## [TASK OBJECTIVE]
In the data below, find the line containing "Trotzdem setzte ich" and the line containing "Caterpillar RC60 Parts Manual SEBN2587-04", then reproduce them and every line between, exactly. Omit pictures.

[DATASET CONTENT Boundary: Start]

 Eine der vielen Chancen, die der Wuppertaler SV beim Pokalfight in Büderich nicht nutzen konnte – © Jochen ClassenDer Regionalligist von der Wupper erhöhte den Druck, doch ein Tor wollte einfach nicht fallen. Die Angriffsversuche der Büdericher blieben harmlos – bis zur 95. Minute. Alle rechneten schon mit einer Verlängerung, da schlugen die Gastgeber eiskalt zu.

[DATASET CONTENT Boundary: End]
[DATASET CONTENT Boundary: Start]

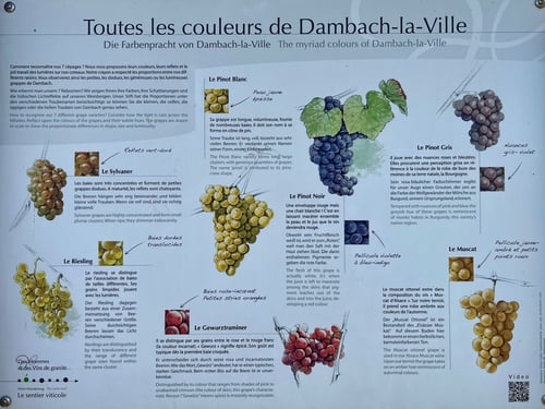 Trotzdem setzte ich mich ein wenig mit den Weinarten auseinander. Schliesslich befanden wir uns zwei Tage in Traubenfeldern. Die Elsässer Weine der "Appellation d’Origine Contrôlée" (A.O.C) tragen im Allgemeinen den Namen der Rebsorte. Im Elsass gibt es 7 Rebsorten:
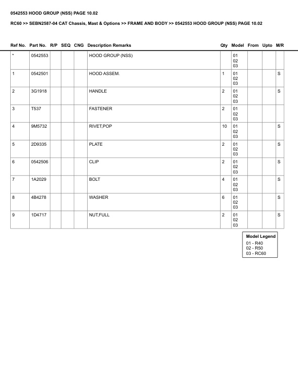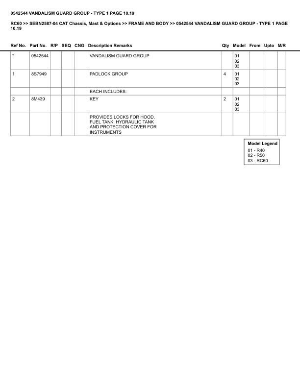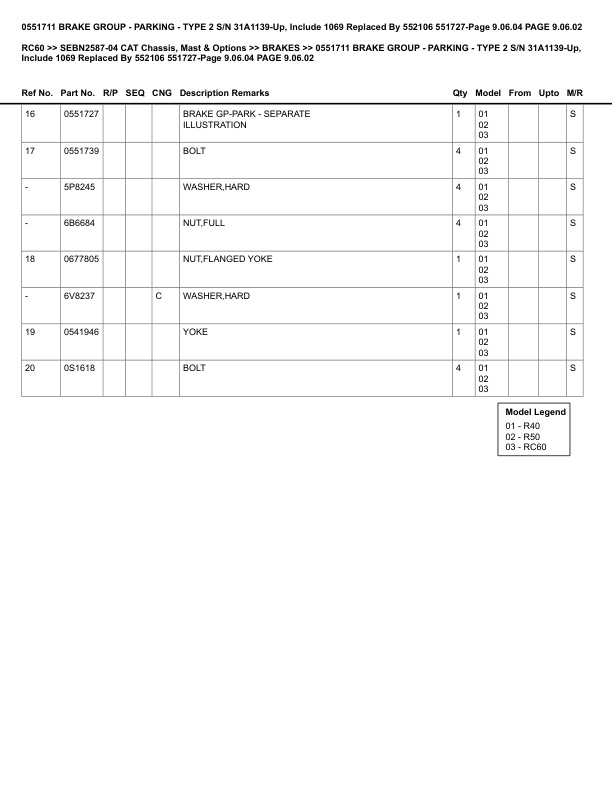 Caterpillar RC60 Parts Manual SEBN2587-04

[DATASET CONTENT Boundary: End]

## [TASK RESULT]
 Trotzdem setzte ich mich ein wenig mit den Weinarten auseinander. Schliesslich befanden wir uns zwei Tage in Traubenfeldern. Die Elsässer Weine der "Appellation d’Origine Contrôlée" (A.O.C) tragen im Allgemeinen den Namen der Rebsorte. Im Elsass gibt es 7 Rebsorten:
 Caterpillar RC60 Parts Manual SEBN2587-04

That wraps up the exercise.